**What is expected**
Return every line from the one with "Das war ganz" through the one with "Weltweit einzigartig ist", inclusive, exactly as it appears below.

Start of Extracted material

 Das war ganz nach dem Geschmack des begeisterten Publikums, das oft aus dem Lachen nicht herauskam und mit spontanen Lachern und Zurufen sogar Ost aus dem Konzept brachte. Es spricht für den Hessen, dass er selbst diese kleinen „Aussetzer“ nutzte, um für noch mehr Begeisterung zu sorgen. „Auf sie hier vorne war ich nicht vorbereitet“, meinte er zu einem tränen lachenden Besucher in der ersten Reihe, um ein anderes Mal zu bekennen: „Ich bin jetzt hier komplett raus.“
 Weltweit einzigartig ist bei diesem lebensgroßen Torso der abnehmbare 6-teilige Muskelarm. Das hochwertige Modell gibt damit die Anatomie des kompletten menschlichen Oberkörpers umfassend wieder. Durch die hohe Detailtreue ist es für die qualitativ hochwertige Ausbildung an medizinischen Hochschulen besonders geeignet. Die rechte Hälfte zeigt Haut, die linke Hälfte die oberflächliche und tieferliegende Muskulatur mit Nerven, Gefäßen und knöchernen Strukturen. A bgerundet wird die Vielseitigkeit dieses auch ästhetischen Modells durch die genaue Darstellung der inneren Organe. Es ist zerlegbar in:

End of Extracted material
Start of Extracted material

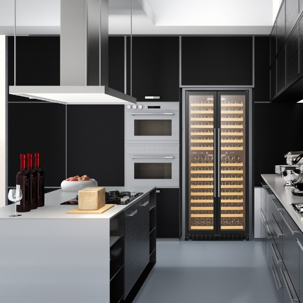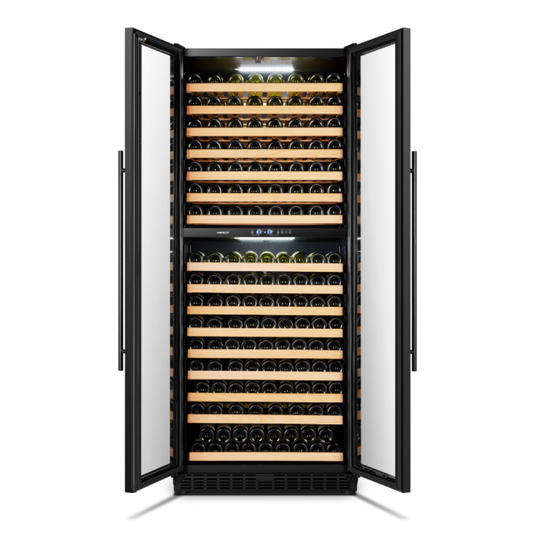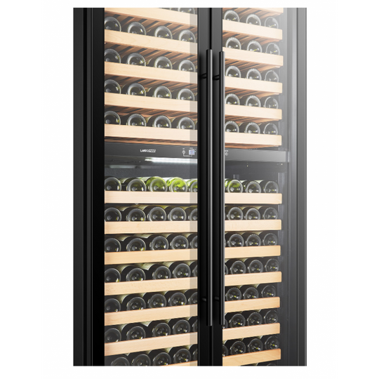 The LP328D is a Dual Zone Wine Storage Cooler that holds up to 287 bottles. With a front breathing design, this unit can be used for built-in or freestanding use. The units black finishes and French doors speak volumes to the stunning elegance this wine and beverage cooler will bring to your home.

End of Extracted material
Start of Extracted material

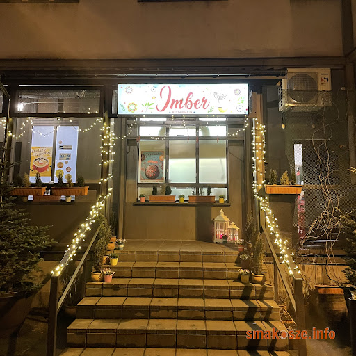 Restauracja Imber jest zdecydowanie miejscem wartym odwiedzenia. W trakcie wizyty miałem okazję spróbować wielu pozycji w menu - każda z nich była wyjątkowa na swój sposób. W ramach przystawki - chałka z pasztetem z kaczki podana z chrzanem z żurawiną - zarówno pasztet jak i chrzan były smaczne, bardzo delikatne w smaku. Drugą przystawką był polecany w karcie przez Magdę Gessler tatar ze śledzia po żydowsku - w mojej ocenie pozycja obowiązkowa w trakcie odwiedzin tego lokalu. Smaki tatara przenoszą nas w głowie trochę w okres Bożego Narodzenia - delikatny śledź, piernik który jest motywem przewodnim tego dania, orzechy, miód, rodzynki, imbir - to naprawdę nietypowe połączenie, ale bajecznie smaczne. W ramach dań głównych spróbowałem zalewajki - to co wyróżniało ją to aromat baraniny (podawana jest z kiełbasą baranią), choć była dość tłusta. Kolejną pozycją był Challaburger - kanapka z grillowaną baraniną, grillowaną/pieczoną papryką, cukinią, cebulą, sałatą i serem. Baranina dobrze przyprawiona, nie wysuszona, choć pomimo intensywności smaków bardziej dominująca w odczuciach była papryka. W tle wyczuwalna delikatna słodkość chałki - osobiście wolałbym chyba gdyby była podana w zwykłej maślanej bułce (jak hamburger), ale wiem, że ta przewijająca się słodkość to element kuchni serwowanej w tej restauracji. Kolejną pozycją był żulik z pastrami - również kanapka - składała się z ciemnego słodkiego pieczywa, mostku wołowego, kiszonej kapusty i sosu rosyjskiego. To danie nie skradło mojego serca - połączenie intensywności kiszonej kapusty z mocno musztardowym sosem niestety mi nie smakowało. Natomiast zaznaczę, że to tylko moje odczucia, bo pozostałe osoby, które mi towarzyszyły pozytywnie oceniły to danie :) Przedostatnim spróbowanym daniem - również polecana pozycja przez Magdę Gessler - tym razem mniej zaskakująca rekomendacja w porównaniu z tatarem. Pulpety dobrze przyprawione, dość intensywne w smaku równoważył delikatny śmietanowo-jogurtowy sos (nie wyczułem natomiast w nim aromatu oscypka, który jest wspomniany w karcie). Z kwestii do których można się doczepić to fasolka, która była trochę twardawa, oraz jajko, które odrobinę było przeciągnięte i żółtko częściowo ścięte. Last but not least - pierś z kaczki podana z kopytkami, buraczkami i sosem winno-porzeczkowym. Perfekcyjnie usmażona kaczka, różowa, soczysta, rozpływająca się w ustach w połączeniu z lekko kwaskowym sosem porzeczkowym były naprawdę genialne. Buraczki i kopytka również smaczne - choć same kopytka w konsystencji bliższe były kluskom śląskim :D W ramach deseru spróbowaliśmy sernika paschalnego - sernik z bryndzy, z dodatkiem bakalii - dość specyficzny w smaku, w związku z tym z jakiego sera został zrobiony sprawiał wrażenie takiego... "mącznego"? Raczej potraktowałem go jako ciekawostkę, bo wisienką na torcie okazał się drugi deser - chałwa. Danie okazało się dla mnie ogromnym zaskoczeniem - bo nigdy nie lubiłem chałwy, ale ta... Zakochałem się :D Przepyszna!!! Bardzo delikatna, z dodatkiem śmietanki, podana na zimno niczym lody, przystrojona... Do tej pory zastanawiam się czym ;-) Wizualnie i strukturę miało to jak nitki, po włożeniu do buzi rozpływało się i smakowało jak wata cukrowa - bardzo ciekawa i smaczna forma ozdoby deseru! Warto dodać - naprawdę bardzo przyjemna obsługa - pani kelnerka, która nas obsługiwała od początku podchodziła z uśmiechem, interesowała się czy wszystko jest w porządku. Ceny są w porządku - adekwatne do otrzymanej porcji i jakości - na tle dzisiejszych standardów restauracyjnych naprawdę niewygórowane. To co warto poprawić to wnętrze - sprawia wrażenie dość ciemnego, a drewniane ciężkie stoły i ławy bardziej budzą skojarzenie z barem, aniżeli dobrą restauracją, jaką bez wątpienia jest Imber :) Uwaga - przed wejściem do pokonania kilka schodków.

End of Extracted material

**Task output**
 Das war ganz nach dem Geschmack des begeisterten Publikums, das oft aus dem Lachen nicht herauskam und mit spontanen Lachern und Zurufen sogar Ost aus dem Konzept brachte. Es spricht für den Hessen, dass er selbst diese kleinen „Aussetzer“ nutzte, um für noch mehr Begeisterung zu sorgen. „Auf sie hier vorne war ich nicht vorbereitet“, meinte er zu einem tränen lachenden Besucher in der ersten Reihe, um ein anderes Mal zu bekennen: „Ich bin jetzt hier komplett raus.“
 Weltweit einzigartig ist bei diesem lebensgroßen Torso der abnehmbare 6-teilige Muskelarm. Das hochwertige Modell gibt damit die Anatomie des kompletten menschlichen Oberkörpers umfassend wieder. Durch die hohe Detailtreue ist es für die qualitativ hochwertige Ausbildung an medizinischen Hochschulen besonders geeignet. Die rechte Hälfte zeigt Haut, die linke Hälfte die oberflächliche und tieferliegende Muskulatur mit Nerven, Gefäßen und knöchernen Strukturen. A bgerundet wird die Vielseitigkeit dieses auch ästhetischen Modells durch die genaue Darstellung der inneren Organe. Es ist zerlegbar in:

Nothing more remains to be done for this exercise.